Доктор посмотрел на меня и сказал торжественно, положив мне руку на сердце:

— Она вам знакома!.. — Моё сердце точно билось сильнее обыкновенного.

— Теперь ваша очередь торжествовать! — сказал я, — только я на вас надеюсь: вы мне не измените. Я её не видал ещё, но уверен, узнаю в вашем портрете одну женщину, которую любил в старину...

 

Не говорите ей обо мне ни слова; если она спросит, отнеситесь обо мне дурно.

— Пожалуй! — сказал Вернер, пожав плечами.

 

 

Когда он ушёл, то ужасная грусть стеснила мое сердце.

Судьба ли нас свела опять на Кавказе, или она нарочно сюда приехала, зная, что меня встретит?.. и как мы встретимся?.. и потом, она ли это?.. Мои предчувствия меня никогда не обманывали.

 

Нет в мире человека, над которым прошедшее приобретало бы такую власть, как надо мною: всякое напоминание о минувшей печали или радости болезненно ударяет в мою душу и извлекает из неё всё те же звуки...

 

 

Я глупо создан: ничего не забываю, — ничего!

 

 

После обеда часов в шесть я пошёл на бульвар:

там была толпа; княгиня с княжной сидели на скамье, окруженные молодежью, которая любезничала наперерыв.

 

Я поместился в некотором расстоянии на другой лавке, остановил двух знакомых Д... офицеров и начал им что-то рассказывать; видно, было смешно, потому что они начали хохотать как сумасшедшие.

 

Любопытство привлекло ко мне некоторых из окружавших княжну; мало-помалу и все её покинули и присоединились к моему кружку.
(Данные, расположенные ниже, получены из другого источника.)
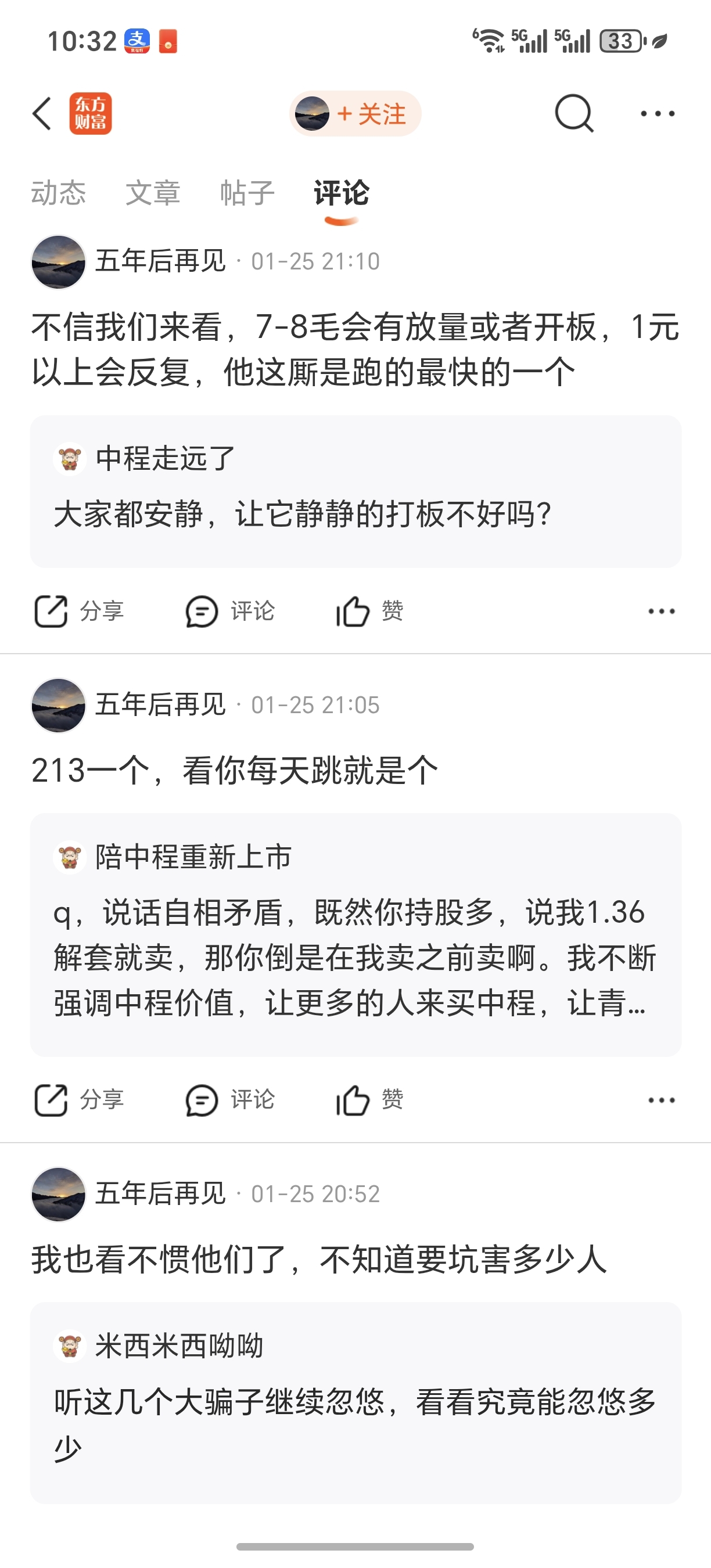 $中程5(SZ400279)$ 警惕那个五年后再见的是因深套想补仓也在疯狂唱空。出来受死吧,为你的食言和居心不良自裁吧,下周一就8毛1了,你发誓的7-8毛就没有开板也没有放量。上一个是发誓5-6毛绝对开板的中炬走远了,已经了结了。
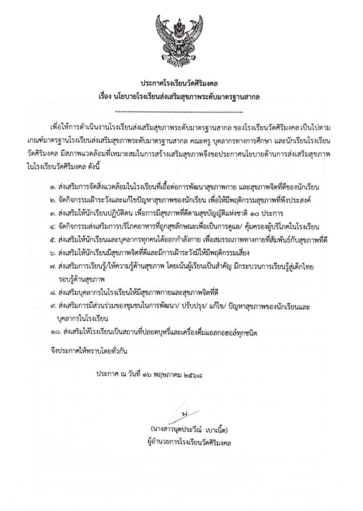 ประกาศจากโรงเรียนวัดศิริมงคล เรื่องนโยบายโรงเรียนส่งเสริมสุขภาพมาตรฐานสากล
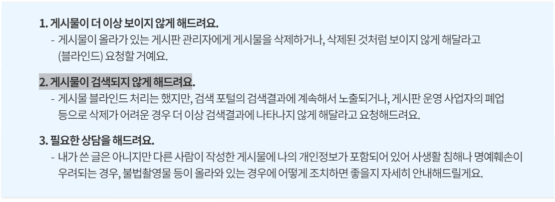 일반적으로 자신이 올린 게시물은 직접 삭제할 수 있지만, 해당 누리집·커뮤니티를 이미 탈퇴했거나, 계정정보 또는 게시물 삭제 비밀번호 등을 잊어버린 경우와 같이 본인이 직접 삭제하기가 어려운 때 만 24세 이하 국민 누구나 ‘잊힐 권리 서비스’로 자기게시물 접근배제를 요청할 수 있다.
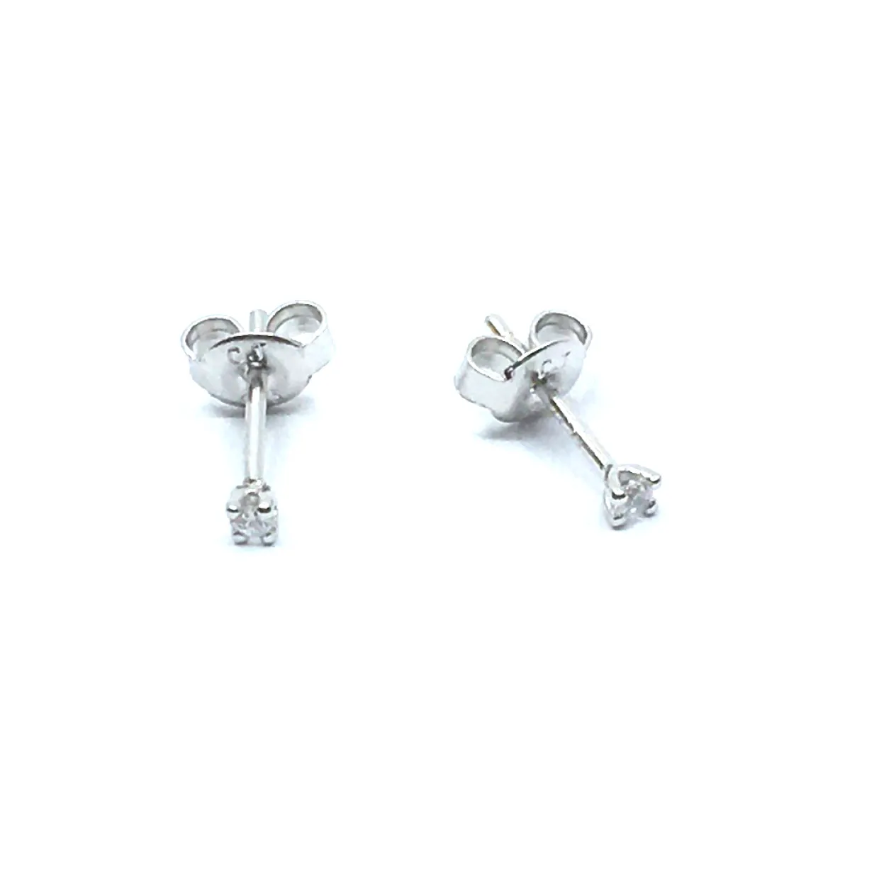 SØLV ØRESTIK RHODINERET MED SYNT. KLAR ZIRKONIA 2 MM 4 GRAPPET FATNING
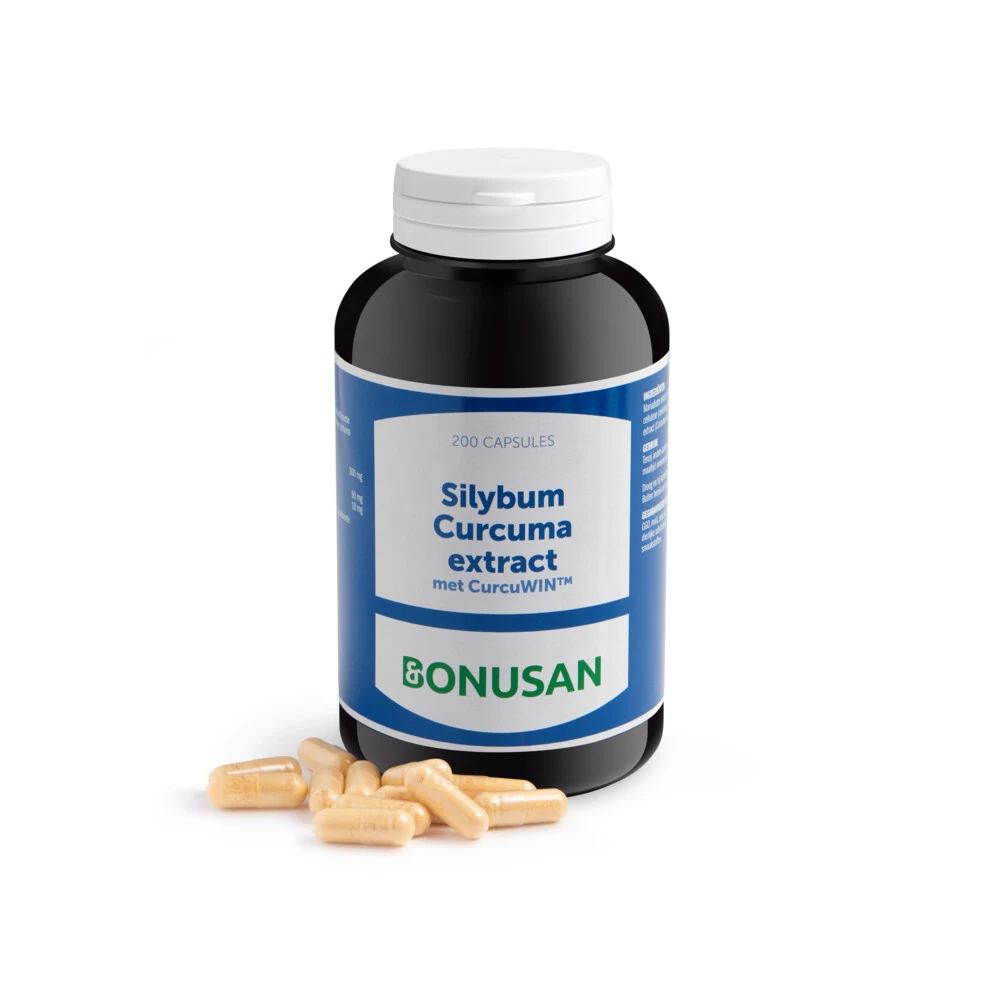 Bonusan Silybum Curcuma ExtractDit product is een kruidenpreparaat.Samenstelling per dagdosering van 2 vegetarische capsulesSilybum marianum semen extract, gestandaardiseerdop minimaal 80% silymarine 300 mgCurcuma longa rhizoma extract (Biocurcumine),gestandaardiseerd op minimaal 80% curcumine 90 mg
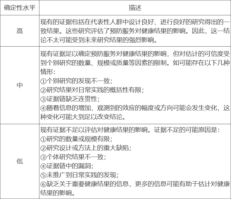 附表4,美國疾病控制和預(yù)防中心(CDC)的證據(jù)等級:
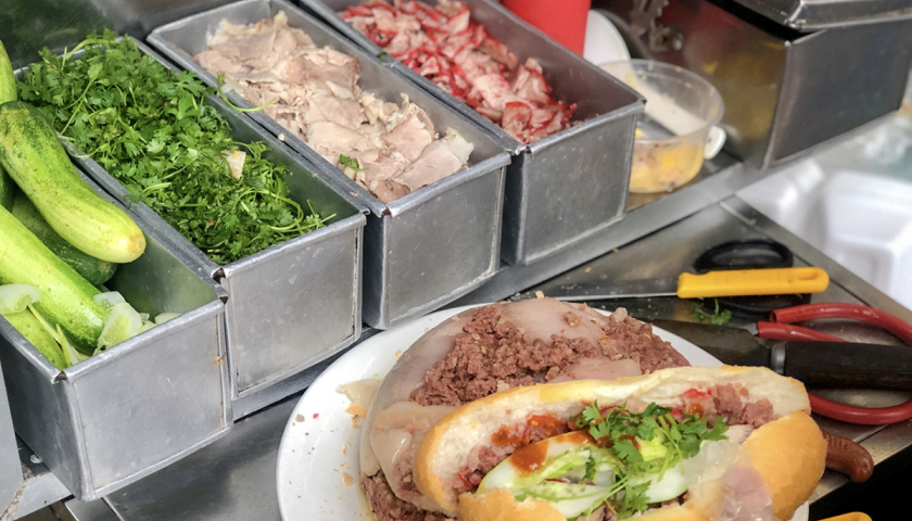 Bánh mì (4,7 sao) được đánh giá là "món ăn phổ biến, quen thuộc và tiện lợi của người dân". Việt Nam có nhiều biến thể bánh mì, tùy thuộc từng tỉnh thành sẽ có các loại nhân khác nhau như pate, trứng rán, giò chả thái lát, xúc xích, ruốc, giăm bông, xá xíu và ăn kèm rau thơm, dưa góp, tương ớt. Thực khách có thể mua món ăn bình dân này ở mọi nơi, từ các hàng quán vỉa hè đến nhà hàng cao cấp. Ảnh: Quỳnh Mai
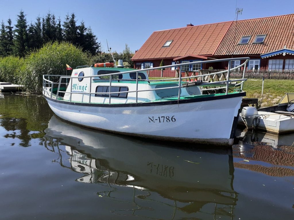 Laivas “Mingė” plukdo starkių, ešerių ir lydekų žvejybai Atmatoje, Nemune, Upaičio upėje ir Kuršių mariose.
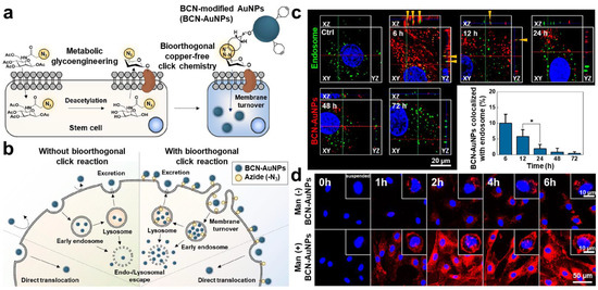 In the meantime, S. Lim et al. proposed a novel approach to increase the efficiency of nanoparticle-based stem cell labeling and improve the label duration through the application of metabolic glycoengineering and bioorthogonal click chemistry [92]. For the cell labeling, bicyclo[6.1.0]nonyne (BCN)-modified and Cyanine 5.5 (Cy5.5) dye-conjugated glycol chitosan nanoparticles (BCN-CNP-Cy5.5s) and three different azide-containing metabolic precursors were separately prepared. hMSCs were previously incubated with azide-containing precursors to induce azide expression on the plasma membranes, and BCN-CNP-Cy5.5s were subsequently treated with hMSCs for labeling via a copper-free click reaction between the BCN and azide. Comparing the azide expression efficiency of hMSCs after incubating with three precursors, respectively, hMSCs incubated with tetraacetylated N-azidoacetyl-D-mannosamine (Ac4Man-NAz) showed the highest azide expression level on their membrane. hMSCs were successfully labeled with BCN-CNP-Cy5.5s upon the preceding Ac4Man-NAz incubation, showing higher labeling efficiency and longer labeling preservation compared to those without Ac4Man-NAz incubation or BCN-Cy5.5 labeling. Importantly, the hMSCs labeled with both Ac4Man-NAz and BCN-CNP-Cy5.5 were detected at their injected sites over 15 days through in vivo fluorescence imaging, whereas those labeled with BCN-CNP-Cy5.5s were not visible after 5 days post-injection. In another study by the same research group, BCN- and Cy5.5-conjugated gold nanoparticles (BCN-AuNP-Cy5.5s) and Ac4Man-NAz were also evaluated for fluorescence labeling of hMSCs (Figure 2a) [49]. Interestingly, it was observed that BCN-AuNP-Cy5.5s labeled on hMSCs via glycoengineering-assisted bioorthogonal click chemistry were not only located on the cell membranes but also visible inside the cells, which was considered to extend the label persistence. The specific endocytosis mechanism of ectocellularly labeled BCN-AuNP-Cy5.5s was discovered, wherein the multivalent binding of BCN-AuNP-Cy5.5s to azides on the membrane caused the membrane turnover to internalize BCN-AuNP-Cy5.5s via endosome formation (Figure 2b) [93]. Endosome-mediately endocytosed BCN-AuNP-Cy5.5s underwent endosomal escape, and eventually, a large amount of them was localized in the cytosol (Figure 2c). The gradual endocytosis of bioorthogonally labeled BCN-AuNP-Cy5.5s over time was detected through in vitro fluorescence imaging, resulting in a 3.0-fold stronger intracellular fluorescence intensity compared to that without the preceding Ac4Man-NAz treatment after 6 h post-incubation (Figure 2d). The labeling efficiency of BCN-AuNP-Cy5.5 with Ac4Man-NAz was also higher than that of small-molecule dye-based bioorthogonal labeling since small molecular dyes cannot be internalized into cells via multivalent binding and membrane turnover. The results of two series of studies indicated that metabolic glycoengineering and click chemistry-based cell labeling are powerful methods to enhance labeling efficiency in stem cell imaging.
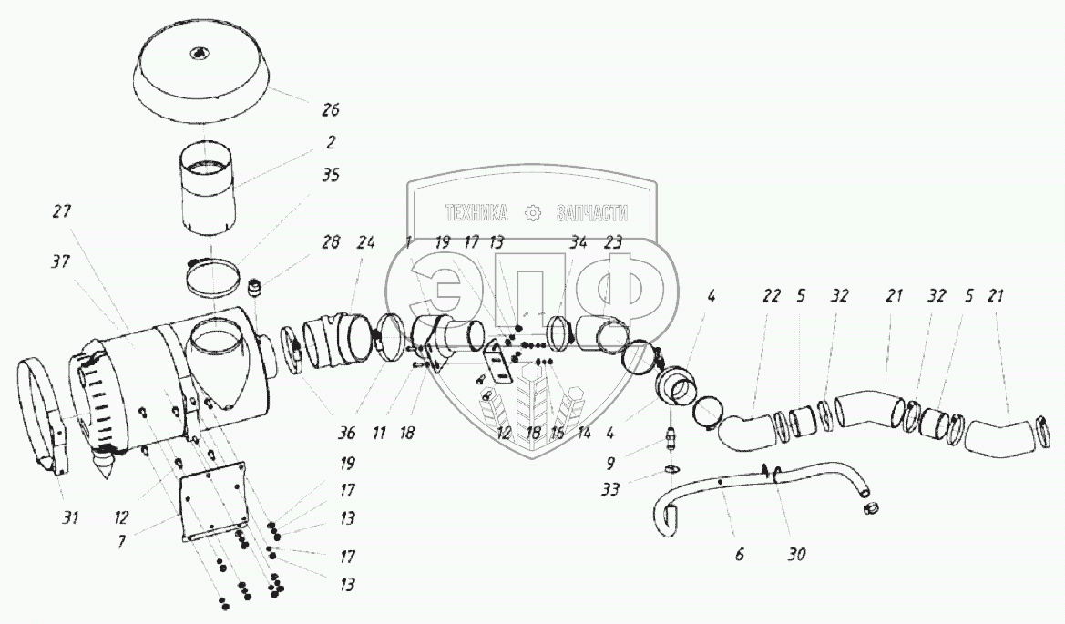 Каталог запасных частей к технике: ТВЭКС ТХ-210. 202120003000 00 Установка воздухоочистителя
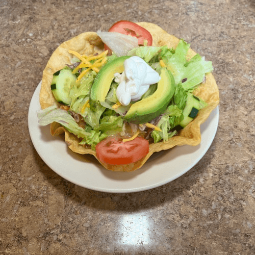 A crisp flour tortilla shell filled with grilled chicken breast, avocado, lettuce, tomatoes, and cheese. Una tortilla de harina frita, rellena de pollo asado. Cuvierta con ensalada y aguacate
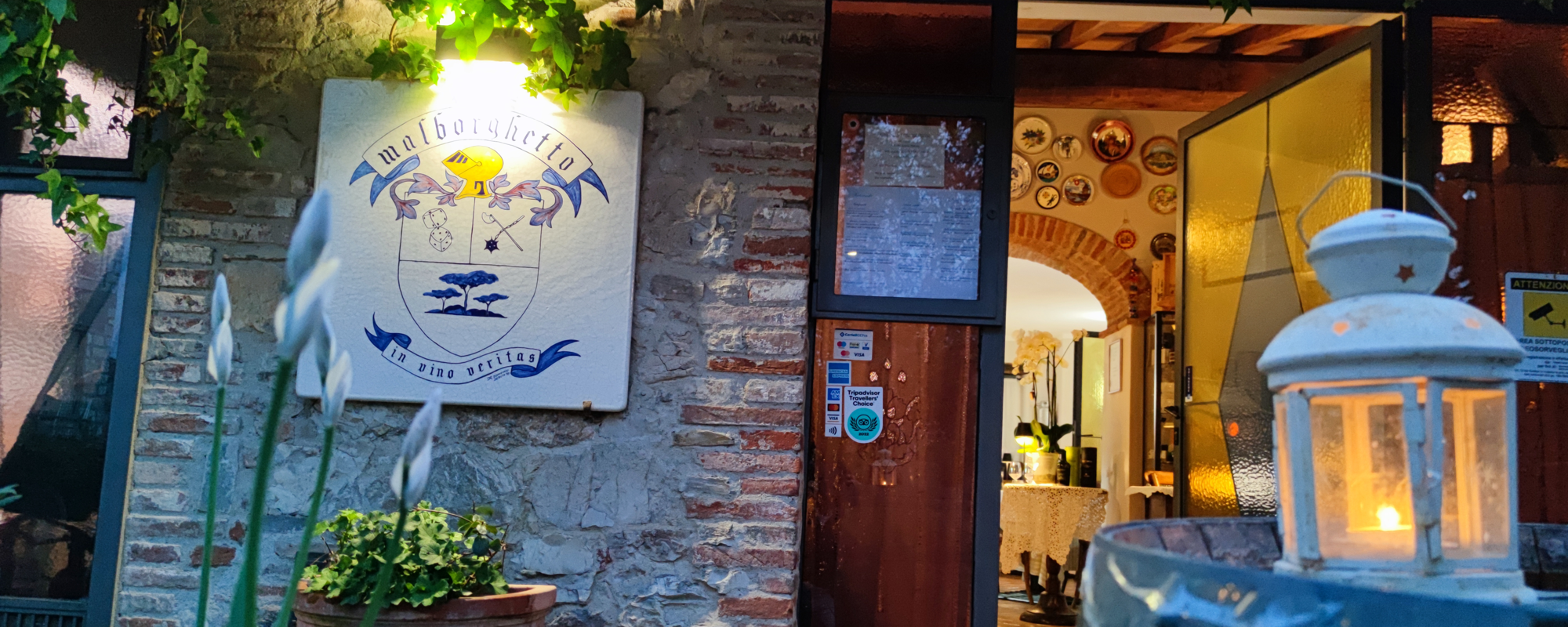 The restaurnat’s name, «Malborghetto», comes from the Renaissance Period where the word was used to indicate border outposts where evil doers and politicians too famous to be killed were sent. But in our era Malborghetto has no longer the old meaning: it rather is a place where we are always welcomed with a smile, in which we can find, mixed, tradition, conviviality and quality, all enclosed in an intimate and familiar atmosphere •
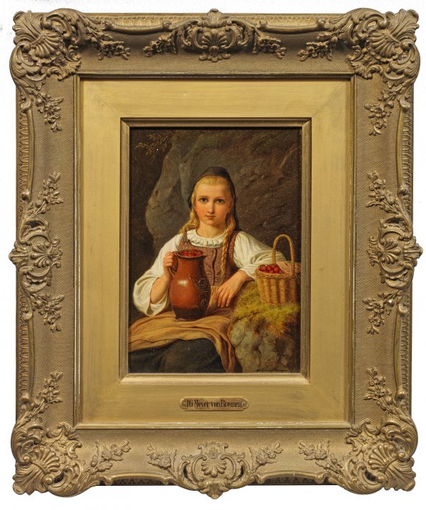 Ein junges Mädchen sitzend vor einer Felswand, den linken Ellbogen auf einen mit Moos bewachsenen Stein aufgestützt, einen mit Erdbeeren befüllten Steinzeugkrug auf dem Schoß haltend. Neben ihr steht ein ebenfalls mit Erdbeeren gefüllter Korb. Der schüchterne, aber konzentrierte Blick und die akkurate Körperhaltung zeigen, dass sie dem Maler Modell sitzt. Johann Georg Meyer, der sich nach seiner Geburtsstadt von Bremen nannte, studierte an der Düsseldorfer Kunstakademie und hatte bis 1851 ein Atelier in Düsseldorf, bevor er nach Berlin übersiedelte, wo er 1854 Professor an der Kunstakademie wurde. Mit seinen Genredarstellungen aus der Welt der Kinder erlangte er große Anerkennung. Öl/Holz. R. u. sign.; 20,8 cm x 15,4 cm. Rahmen.
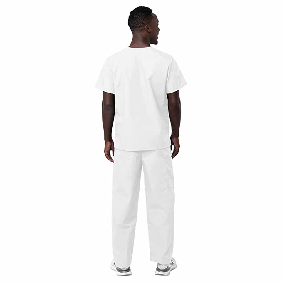 Conjunto de exfoliante experto de la mejor calidad para hombre, Top exfoliante con cuello en V de color blanco y conjunto de pantalones exfoliantes con cordón cónico
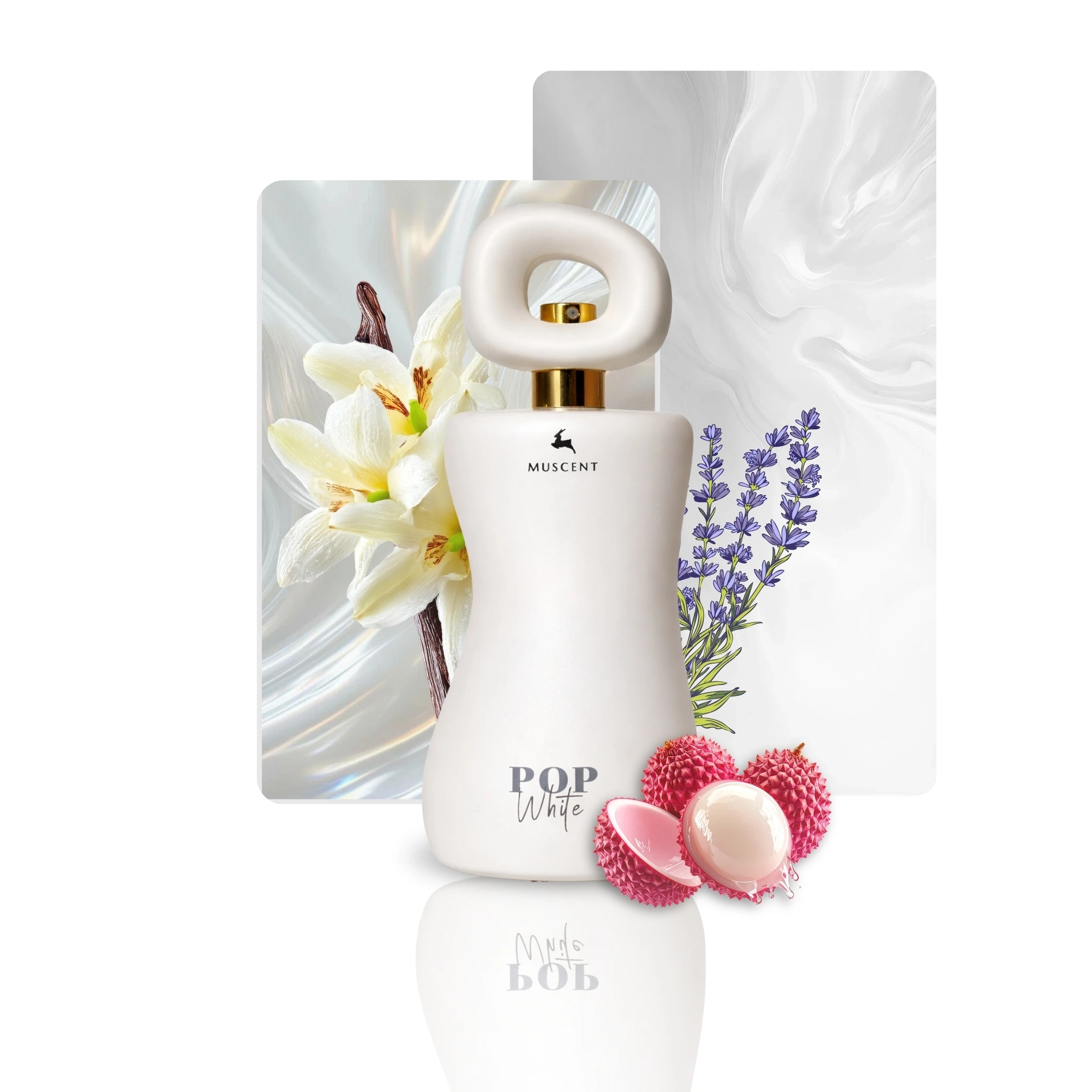 Temiz ve modern bir peri dokunuşu… Pop White, liçinin şeffaf ve berrak meyvemsi açılışıyla ten üzerinde doğal bir etki yaratır; vanilya ve tonka fasulyesinin kremsi sıcaklığıyla yumuşak ve dengeli bir karakter kazanır. Aromatik ve odunsu nüanslar, kompozisyona rafine bir derinlik ekler.

Я не умолкал: мои анекдоты были умны до глупости, мои насмешки над проходящими мимо оригиналами были злы до неистовства...

 

Я продолжал увеселять публику до захождения солнца.

 

Несколько раз княжна под ручку с матерью проходила мимо меня, сопровождаемая каким-то хромым старичком; несколько раз её взгляд, упадая на меня, выражал досаду, стараясь выразить равнодушие...

 

— Что он вам рассказывал? — спросила она у одного из молодых людей, возвратившихся к ней из вежливости, — верно, очень занимательную историю — свои подвиги в сражениях?..

— Она сказала это довольно громко и, вероятно, с намерением кольнуть меня.

«Ага! — подумал я, — вы не на шутку сердитесь, милая княжна; погодите, то ли еще будет!»

 

 

Грушницкий следил за нею, как хищный зверь, и не спускал её с глаз: бьюсь об заклад, что завтра он будет просить, чтоб его кто-нибудь представил княгине.

 

Она будет очень рада, потому что ей скучно.